_Goal of the exercise_
A word-for-word reproduction of the data below is needed, with no pictures in it.

_Dataset section_

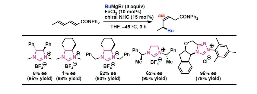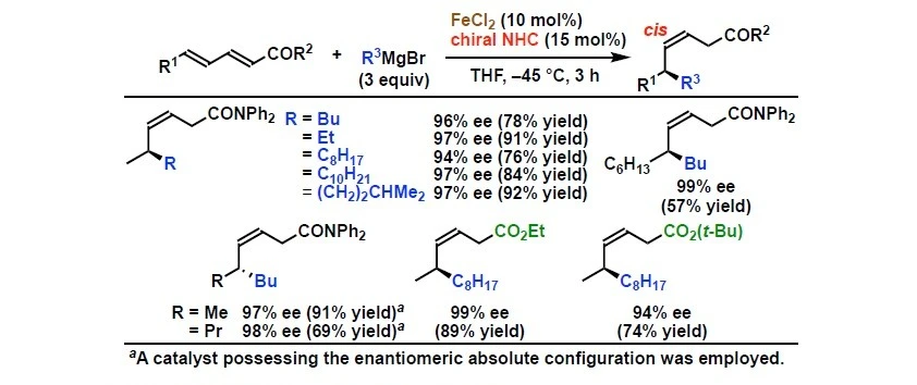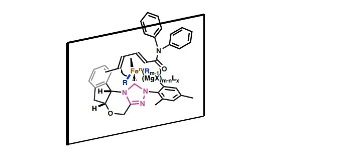 図. 鉄/キラルNHC触媒による脂肪族グリニャール反応剤の α,β,γ,δ-不飽和カルボニル化合物への不斉1,6-付加反応
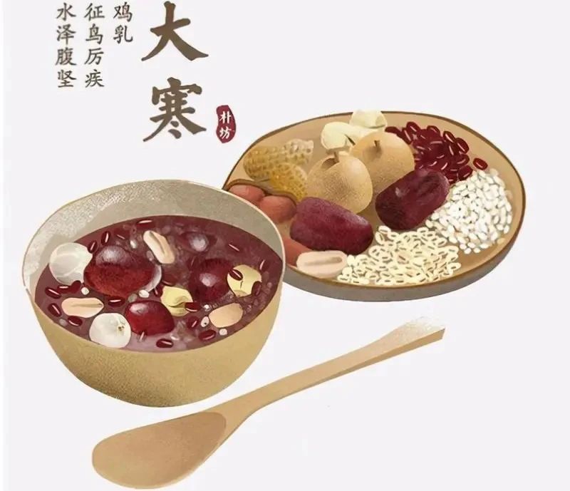 糯米饭,在广东,大寒来临前,家家户户会煮上一锅香喷喷的糯米饭,拌入腊味、虾米等食材。还有春卷,安徽安庆有大寒炸春卷的习俗。还有腊八粥,古代人们相信腊八粥具有驱邪避疫的功效,祈求来年平安健康,远离疾病和灾难。还有腌制腊味佳肴等。
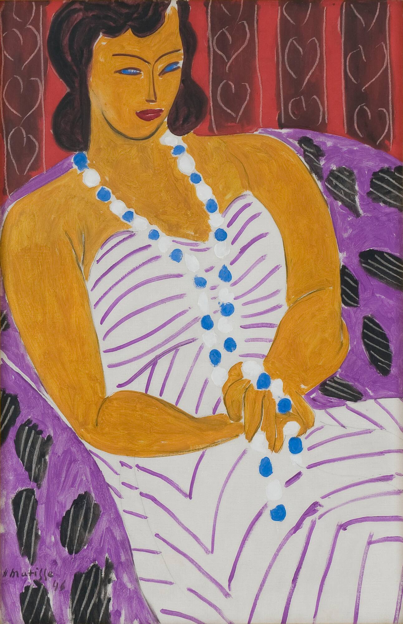 Label TextMatisse was one of the forefathers of Fauvism, a movement within Modernism known for its expressive use of strong, often non-naturalistic color. Despite the traditional subject matter of this work, it is typical of Matisse’s radical approach to painting as it highlights the physical reality of color and shape on a two-dimensional canvas rather than attempting to create an illusion of real space. The patterns on the wall, chair, and dress show Matisse’s interest in cut-outs or decoupage, and the woman’s refined features resemble an African mask. African, Oceanic, and other non-Western art objects were a strong influence on Matisse, as well as many other Modernists.

_Written response_
 図. 鉄/キラルNHC触媒による脂肪族グリニャール反応剤の α,β,γ,δ-不飽和カルボニル化合物への不斉1,6-付加反応
 糯米饭,在广东,大寒来临前,家家户户会煮上一锅香喷喷的糯米饭,拌入腊味、虾米等食材。还有春卷,安徽安庆有大寒炸春卷的习俗。还有腊八粥,古代人们相信腊八粥具有驱邪避疫的功效,祈求来年平安健康,远离疾病和灾难。还有腌制腊味佳肴等。
 Label TextMatisse was one of the forefathers of Fauvism, a movement within Modernism known for its expressive use of strong, often non-naturalistic color. Despite the traditional subject matter of this work, it is typical of Matisse’s radical approach to painting as it highlights the physical reality of color and shape on a two-dimensional canvas rather than attempting to create an illusion of real space. The patterns on the wall, chair, and dress show Matisse’s interest in cut-outs or decoupage, and the woman’s refined features resemble an African mask. African, Oceanic, and other non-Western art objects were a strong influence on Matisse, as well as many other Modernists.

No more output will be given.